Of course, as I said it's not actually possible to orbit at a height like 863 meters above the Earth because the atmosphere would create too much drag, but if the Earth was an airless planet it would be quite possible. And likewise if we imagine a particle that is not affected by any non-gravitational forces so it can pass straight through solid matter unaffected (the neutrino is almost like this, although it is affected by the weak nuclear force so a tiny fraction of neutrinos won't pass straight through the Earth), it could orbit within the atmosphere, or even at a smaller R that is below the crust. Geodesic paths represent the paths that would be taken by such hypothetical particles which are only affected by gravity and not other forces.

"Your confusing geodesics in space with geodesics in spacetime--general relativity says objects in free-fall with no non-gravitational forces acting on them follow geodesics in spacetime, not geodesics in space. Geodesics in spacetime are not the paths with the shortest spatial distance, rather they are the paths with the greatest proper time (in curved spacetime, the proper time is only 'greatest' when compared with other 'nearby' worldlines--worldlines that only deviate"
Jesse --in thread # 29

This is meaning ful

It does not stand as a hindrance to my arguments.

Just think of fact:
If we have two geodesics connecting a pair of points A and B ,the particle at the point of intersection would be in a state of indecision[as to which spacetime curve it should follow].
To help it decide Jesse has to provide some "extra force". Gravity will not help her!

Everybody will watch Jesse trying to help the particle decide what to do!

Nope, no extra force is required. The "choice" of which geodesic path a particle follows from point A is totally determined by its instantaneous velocity at A (both direction and speed, as defined in some locally inertial frame at A)--particles with different velocities follow different geodesics. This is true in flat SR spacetime as well, where geodesics are just straight (inertial) worldlines--obviously you can have two straight lines going in different directions from a single point A, although unlike in GR, geodesics that cross at one point A can never cross again at a second point B in SR.

 

[Dale]

So if we parallel transport a vector along different paths starting from the same point the components do not change,when referred to the local inertial frames.

Again, this is demonstrably false; DrGreg provided a very detailed counter example.

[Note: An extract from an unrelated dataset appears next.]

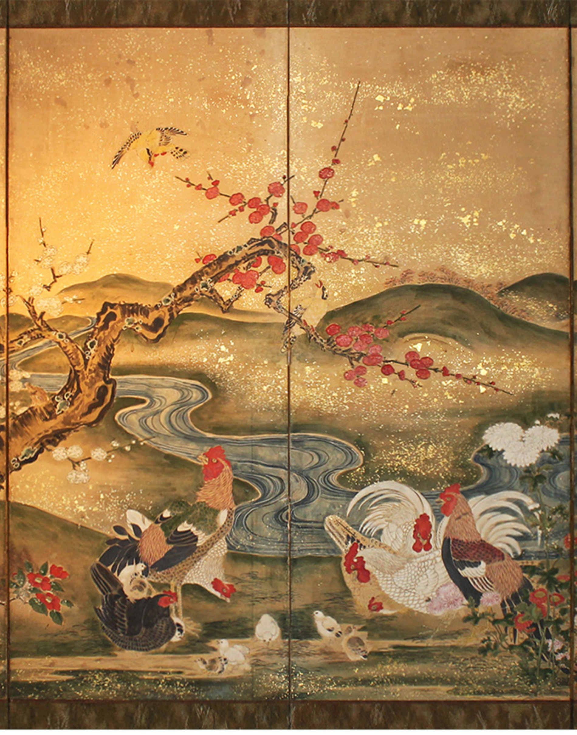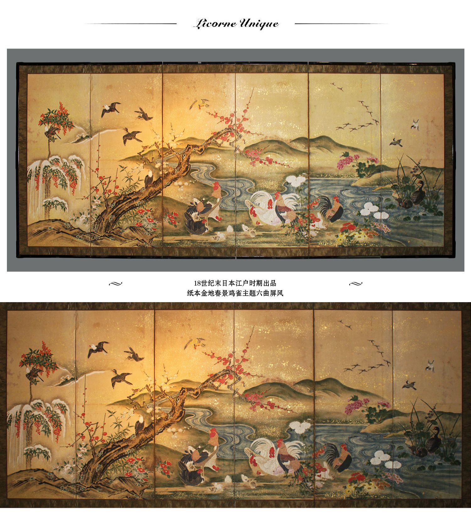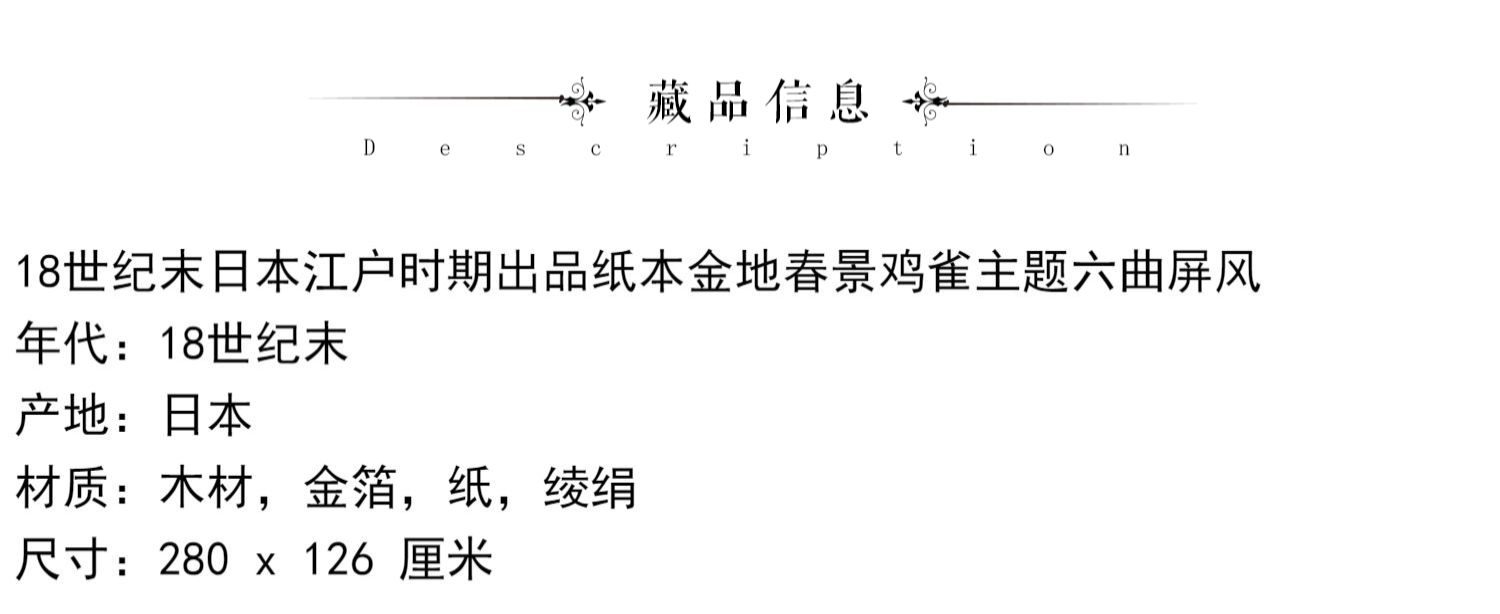 独角鹿西洋古董日本江户时期纸本金地春景鸡雀主题六曲屏风六扇

https://www.physicsforums.com/showpost.php?p=2848002&postcount=22

Starting from the same point the components of the final parallel-transported vector are in fact changed depending on the path. This is fundamental to understanding the very basic concept of curvature, and instead of trying to learn it you are just going around in circles making the same false assertion over and over.

 

[DrGreg]

So if we parallel transport a vector along different paths starting from the same point the components do not change,when referred to the local inertial frames.

This is really a circular argument. At any event in spacetime there isn't a single "locally inertial" coordinate system. You have a choice: for a start, you can rotate the spatial axes and get an equally good locally inertial coordinate system. Also any coordinate system moving at a constant velocity to a locally inertial system is locally inertial.

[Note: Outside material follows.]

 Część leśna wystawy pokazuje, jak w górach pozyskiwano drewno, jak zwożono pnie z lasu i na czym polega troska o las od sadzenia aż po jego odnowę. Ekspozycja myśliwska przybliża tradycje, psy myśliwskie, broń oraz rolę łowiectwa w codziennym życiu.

Given that choice, how would you choose which family of locally inertial coordinate systems to use along a worldline? The answer is you'd use parallel transport!

If you have two different geodesics (or any other worldline) joining a pair of events, if you parallel-transport a locally inertial coordinate system from one event to the other, you could get two different locally inertial coordinate systems at the other end!

 

[Anamitra]

"Again, this is demonstrably false; DrGreg provided a very detailed counter example.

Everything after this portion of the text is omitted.